Troubleshooting intermittent PC problems

How to troubleshoot an intermittent PC problem. We’ve got an aging P2-233 at work that likes to bluescreen a lot under NT4–usually once every day or two. No one who looked at it was able to track it down. The first thing I noticed was that it still had the factory installation of NT, from about three years ago. Factory installations are bad news. The first thing you should do with any PC is install a fresh copy of Windows. If all you have are CAB files and no CD, don’t format the drive–just boot to DOS, go into that directory, run Setup, and install to a new directory other than C:Windows. With NT, it’s also possible to install from DOS though the syntax escapes me momentarily.

The first thing I suggested was to run RAM Stress Test, from www.ultra-x.com , over the course of a weekend to eliminate the possibility of bad memory. I followed that by formatting the drive FAT and running SpinRite. After six hours, SpinRite gave the disk a completely clean bill of health.

Knowing the memory and disk were good, I built up the system, installing NT, then installing SP5 128-bit, then installing IE 5.01SP1, then installing Diskeeper Lite, then installing Office 97 and Outlook 98 and WRQ Reflection, then running Windows Update to get all the critical updates and SP6a. I ran Diskeeper after each installation to keep the drive in pristine condition–I find I get better results that way than by installing everything and then running Diskeeper.

The system seemed pretty stable through all that. Then I went to configure networking and got a bluescreen. Cute. I rebooted and all was well and remained well for an hour or two.

How to see if the bluescreen was a fluke?

I devised the following batch file:

:loop
dir /w /s c:
goto loop

Who says command lines are useless and archaic? Definitely not me! I saved the file as stress.bat and ran 10 instances of it. Then I hit Ctrl-Alt-Del to bring up Task Manager. CPU usage was at 100%. Good.

The system bluescreened after a couple of hours.

How to track down the problem? Well, I knew the CD-ROM drive was bad. Can a bad CD-ROM cause massive system crashes? I’ve never heard of that, but I won’t write off anything. So I disconnected the CD-ROM drive. I’d already removed all unnecessary software from the equation, and I hadn’t installed any extraneous peripherals either. So with the CD-ROM drive eliminated, I ran 10 instances of the batch file again.

The system didn’t make it through the night.

OK. Memory’s good. Hard drive’s good. Bad CD-ROM drive out of equation. Fresh installation of OS with nothing extra. What next?

I called my boss. I figured maybe he’d have an idea, and if not, he and I would contact Micron to see what they had to suggest–three-year warranties and a helpful technical support staff from a manufacturer who understands the needs of a business client are most definitely a good thing.

My boss caught the obvious possibility I missed: heat.

All the fans worked fine, and the CPU had a big heatsink put on at the factory that isn’t going anywhere.
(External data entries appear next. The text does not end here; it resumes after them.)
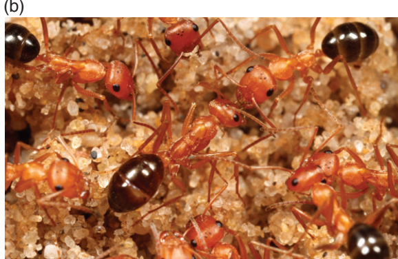
Fig. 1. Cataglyphis tartessica brachypterous queen (a) and worker-like ergatoid queen (b). Although brachypters are easily recognisable because of their size and distinct morphology, ergatoids can only be distinguished from workers based on the presence of small thoracic tegulae (indicated by the arrow).

found colonies through independent colony foundation (Jowers et al., 2013). Yet brachypters' thorax is segmented markedly different from the workers. In contrast, ergatoids are only distinguishable from workers by the presence of small tegulae (Fig. 1). Out of nine morphological traits measured by Amor et al. (2011), seven were significantly smaller in ergatoids than in brachypters (see also Amor & Ortega, 2014). Although, at the population level, more ergatoids than brachypters are produced, the proportions of colonies headed by each are fairly equal (Amor et al., 2011). Moreover, behavioural observations showed that, during fission, almost all the cocoons containing brachypters but only one-third of those containing ergatoids are transported to the daughter nests. After emergence, these individuals compete to become the next queen of the daughter nest. In contrast, the ergatoid that emerge from the cocoons not transported to the daughter nest are eliminated by the workers probably to maintain monogyny (Amor et al., 2011). This differs from other species (Ocymyrmex: Forder & Marsh, 1989; Eutetramorium: Heinze et al. 1999; Mystrium: Molet et al., 2007) in which unmated ergatoids participate to non-reproductive tasks such as nursing and foraging. Therefore, the excess of C. tartessica ergatoids that are eliminated at the early adult stage may be viewed as 'useless' by the colony. In a previous study, we proposed that these individuals were selfish individuals that escaped the
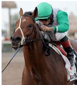
Csaba
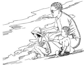
Happy Father’s Day!

*What do you call a bear with no teeth? A gummy bear!
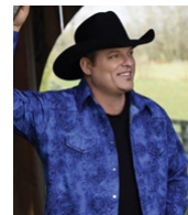
John Michael Montgomery

Johnny Cash at Folsom Prison: Legacy Edition has been released with footage from Cash's legendary performance and recording of At Folsom Prison made Jan.
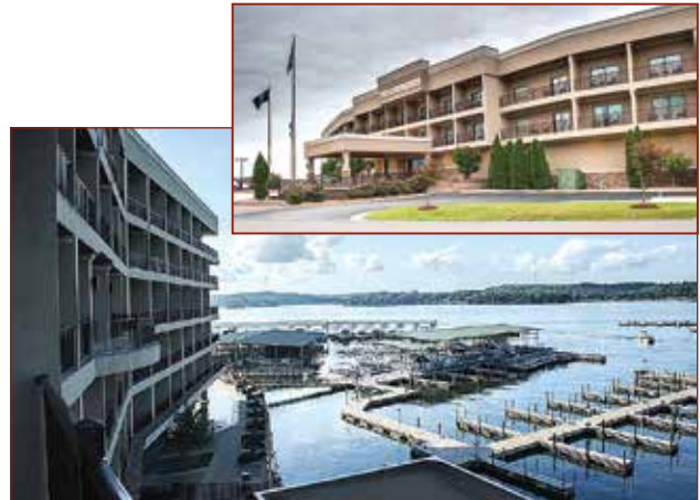
Camden on the Lake Resort, Spa, & Yacht Club 2359 Bittersweet Rd - Lake Ozark, Missouri 65049 573-365-5620 • info@camdenonthelake.com
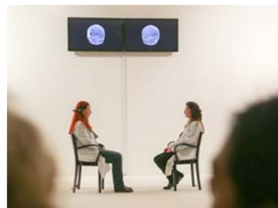
Installation, Marina Abramović, Soft Control, KIBLIX 2012
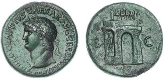
3175 Sestertius, Lugdunum, c. 65, laureate bust left, globe at point of bust, rev. Arcus Neronis, triumphal arch surmounted by statuary group of Nero in quadriga, escorted by Victory and Pax and flanked by soldiers; statue of Mars in niche on side of arch, 26.66g/6h (RIC 148; WCN 117; Hill, Monuments 84). Good very fine, good portrait style with fine brown patina £700-800
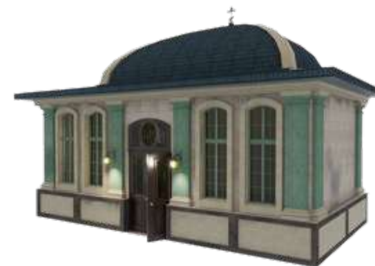
■ No. 030 ■ Area: 45m 2
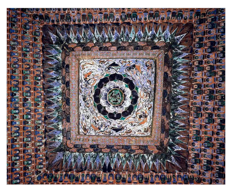
Figure 1-5: Ceiling in the shape of a canopy with a central floral medallion and three interlocked hares. Dunhuang Cave 407, Gansu Province, China. Sui dynasty (581-618).

languages, for centuries until they were discovered and brought to Europe by the Hungarian archaeologist Sir Marc Aurel Stein (1862– 1943) and the French Asianist Paul Pelliot (1878–1945). Particularly intriguing are banners in the shape of a human body, with head, arms and legs (generally made with different textile fragments), found in various sizes, and also depicted on the walls and on other textile items (see e.g., Figure 1-6). Some of the caves' ceilings are also painted in the shape of textile canopies showing roundels and lotus flowers like giant mandalas. These images correspond to a few of the fragments discovered in situ .
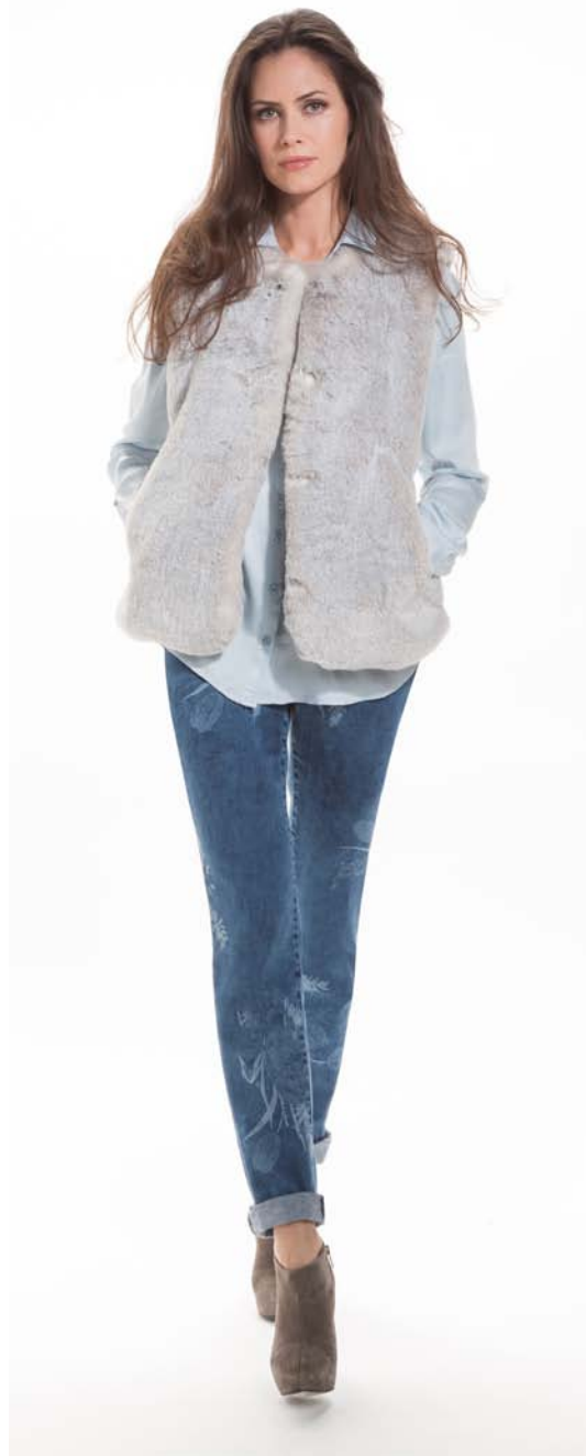
BOVE 8112 9079 SALTY-CRP 5166 FLOW 4589 533
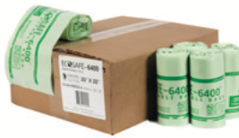
42x60" Compostable Bag/Liner
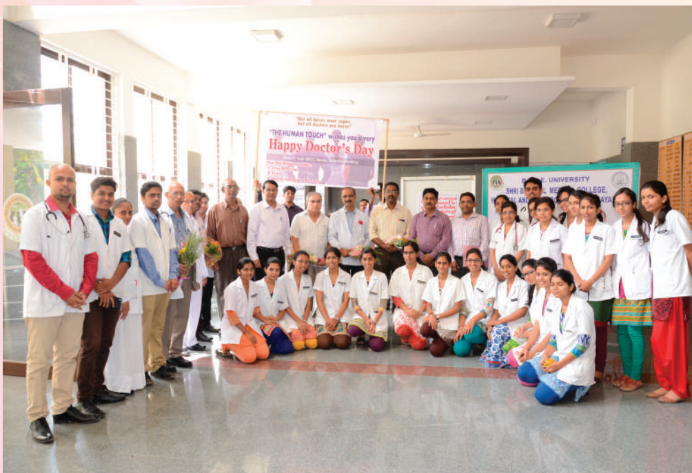
“National Doctors Day” celebrated on July 1, 2015 in the BLDE University’s Hospital Building.
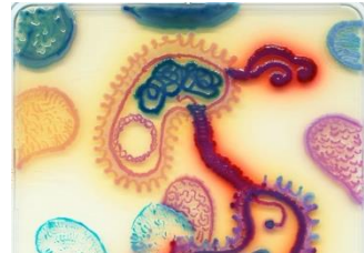
ASM Agar Art Contest https://asm.org/Events/ASM-Agar-Art-Contest/Home

“Pay attention in class and make sure to take good notes. Use those to study [from], they will do you wonders in this class.”
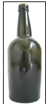
Figure 7 – Wood bottle

On December 4, 1898, the journal, Capital and Labour (1878:727), reported on a strike that began the previous Saturday (November 30) when the factory demanded that the journeymen (i.e., union blowers) increase their production the equivalent of four hours per week – for the same pay. The blowers almost immediately went on strike. The firm claimed that low European glass house prices had forced the demand. We have not discovered the outcome, but the strike was certainly resolved. The firm remained in business under the name of Wood’s Bottle Works until 1920.

Hopefully there was thermal compound in there, but if there wasn’t, I wouldn’t be getting in there to put any in, nor would I be replacing the heatsink with a heatsink/fan combo. So I pulled the P2-333 out of the PC I use–it was the only 66 MHz-bus P2 I had–and put it in the system. I’d forgotten those old P2s weren’t multiplier-locked, so the 333 ended up running at 233. That’s fine. I’ve never had overheating problems with that chip at its rated speed, so at 100 MHz less, I almost certainly wouldn’t run into problems.
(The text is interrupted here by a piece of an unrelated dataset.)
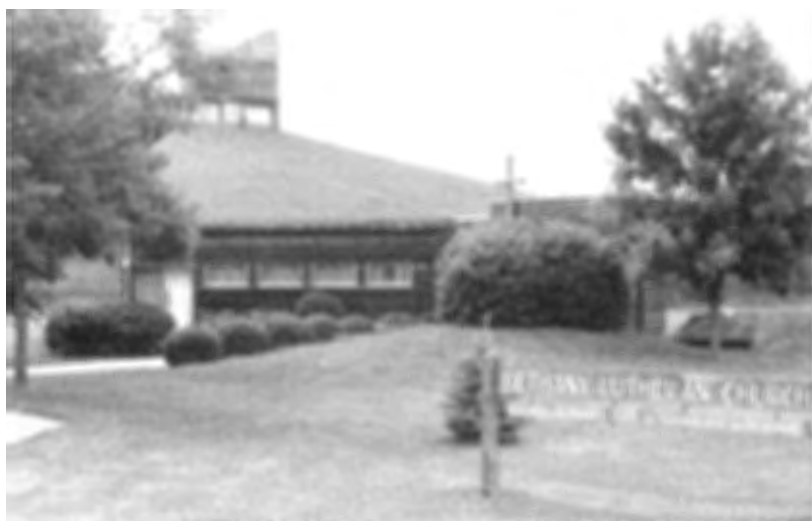
BETHANY (Ames, Iowa)
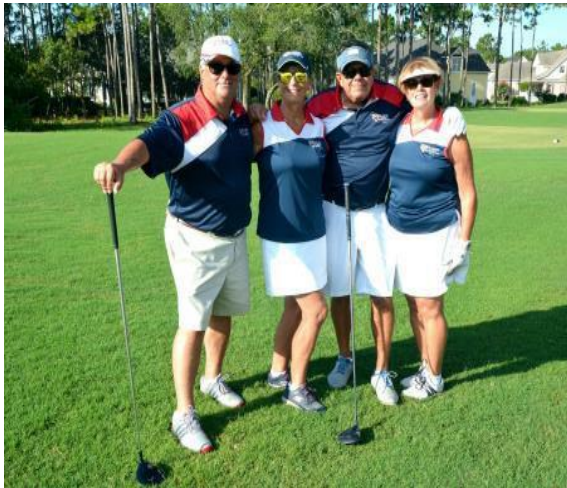
Foursome Enjoying Tournament

With that CPU, the system happily ran 10 instances of my batch file for 30 hours straight without a hiccup. So I had my culprit: That P2-233 was overheating.
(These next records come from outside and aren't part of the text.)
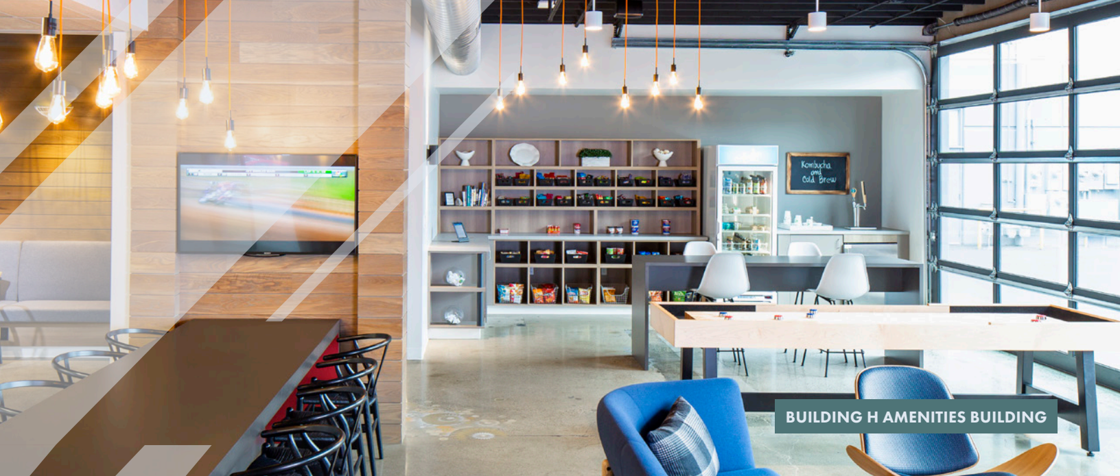
BUILDING H AMENITIES BUILDING
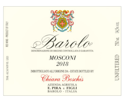
Barolo Mosconi 2018 E. Pira & Figli - Chiara Boschis (Piedmont, Italy)

(1) Roasted meat, Stewed and braised meat with mushrooms, Hard cheese
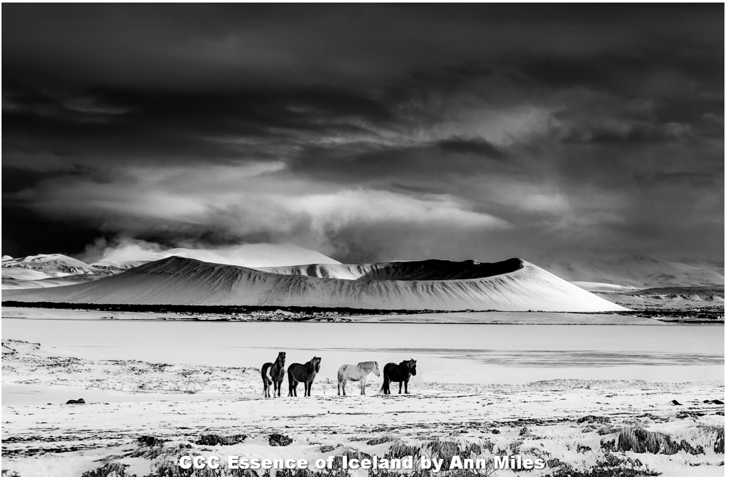
CCC Essence of Iceland by Ann Miles
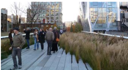
The High Line Park has achieved the "IGRA Green Roof Leadership Award 2010".
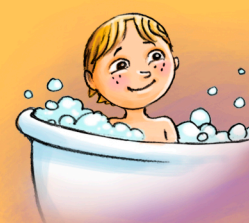
I take a bath.
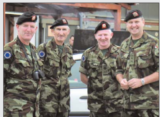
EUFOR troops did their best to organize a day of fun for the orphaned children
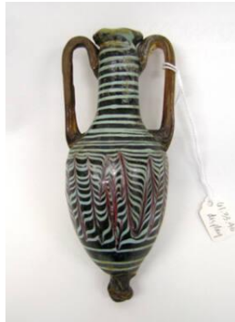
Title: Amphoriskos Date: 2nd-1st century BCE (late Hellenistic) Primary Maker: Eastern Mediterranean Medium: glass
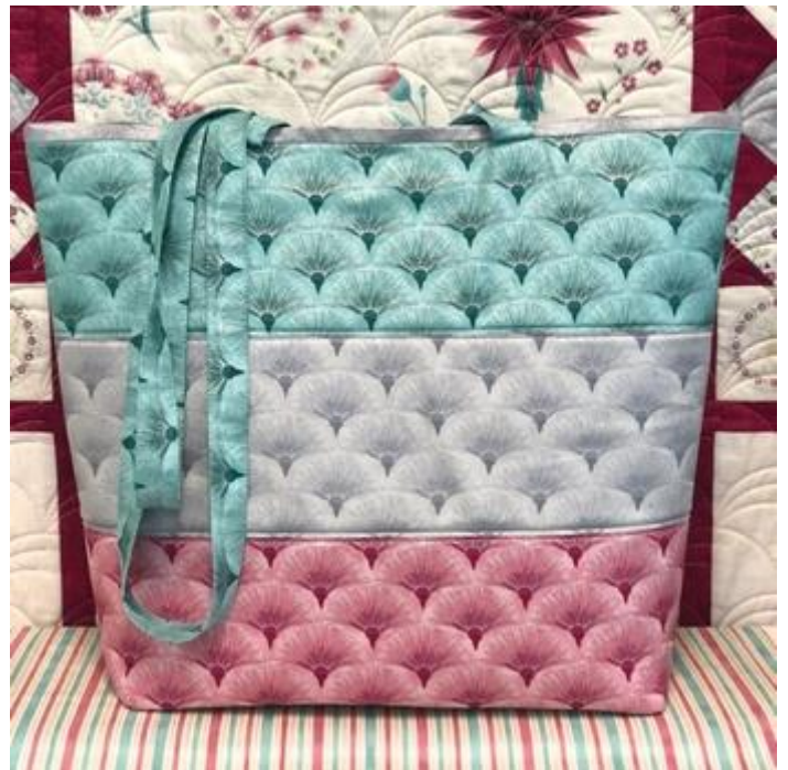
Summertime Tote - Nouveau kit - $29.50 deluxe kit - $42.50

Now, ideally a stress test would tax more system memory than this one did and would force some floating-point operations as well. Prime95 is ideal.

If you have time and parts available, you can troubleshoot a recalcitrant PC by running such a real-world stress test, then replacing possible suspect parts (CPU, memory, hard drive, motherboard) one at a time until you isolate the problem.